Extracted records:
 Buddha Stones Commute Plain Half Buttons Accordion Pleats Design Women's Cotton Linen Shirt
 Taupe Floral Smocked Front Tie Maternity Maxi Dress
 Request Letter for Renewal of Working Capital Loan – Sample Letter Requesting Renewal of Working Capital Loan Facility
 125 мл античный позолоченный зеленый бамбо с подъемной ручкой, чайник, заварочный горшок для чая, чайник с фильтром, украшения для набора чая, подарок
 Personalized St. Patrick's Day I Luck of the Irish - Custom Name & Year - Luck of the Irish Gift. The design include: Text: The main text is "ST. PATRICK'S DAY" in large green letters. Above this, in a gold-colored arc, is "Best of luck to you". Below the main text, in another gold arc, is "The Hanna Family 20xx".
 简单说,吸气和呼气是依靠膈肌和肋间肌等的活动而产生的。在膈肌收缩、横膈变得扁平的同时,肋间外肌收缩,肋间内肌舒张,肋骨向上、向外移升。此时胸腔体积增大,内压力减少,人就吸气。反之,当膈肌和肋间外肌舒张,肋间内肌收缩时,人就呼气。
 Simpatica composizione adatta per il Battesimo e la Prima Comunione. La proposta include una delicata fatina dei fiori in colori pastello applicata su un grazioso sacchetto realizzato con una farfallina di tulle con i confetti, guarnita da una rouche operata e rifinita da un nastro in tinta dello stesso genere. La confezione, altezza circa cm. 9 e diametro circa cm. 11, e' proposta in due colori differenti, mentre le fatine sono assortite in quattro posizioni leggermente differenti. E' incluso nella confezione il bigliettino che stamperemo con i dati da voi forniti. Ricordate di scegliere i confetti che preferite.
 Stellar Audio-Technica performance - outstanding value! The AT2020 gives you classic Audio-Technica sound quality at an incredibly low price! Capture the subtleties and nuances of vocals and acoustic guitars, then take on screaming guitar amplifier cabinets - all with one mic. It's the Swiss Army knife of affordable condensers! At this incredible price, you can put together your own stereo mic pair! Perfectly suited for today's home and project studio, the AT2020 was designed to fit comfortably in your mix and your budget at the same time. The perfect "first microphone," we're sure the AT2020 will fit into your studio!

--- WHAT YOU WILL DO ---
Word for word, output the lines of the data from its first line through the line where "Request Letter for" appears, and stop there.

--- ANSWER SPACE ---
 Buddha Stones Commute Plain Half Buttons Accordion Pleats Design Women's Cotton Linen Shirt
 Taupe Floral Smocked Front Tie Maternity Maxi Dress
 Request Letter for Renewal of Working Capital Loan – Sample Letter Requesting Renewal of Working Capital Loan Facility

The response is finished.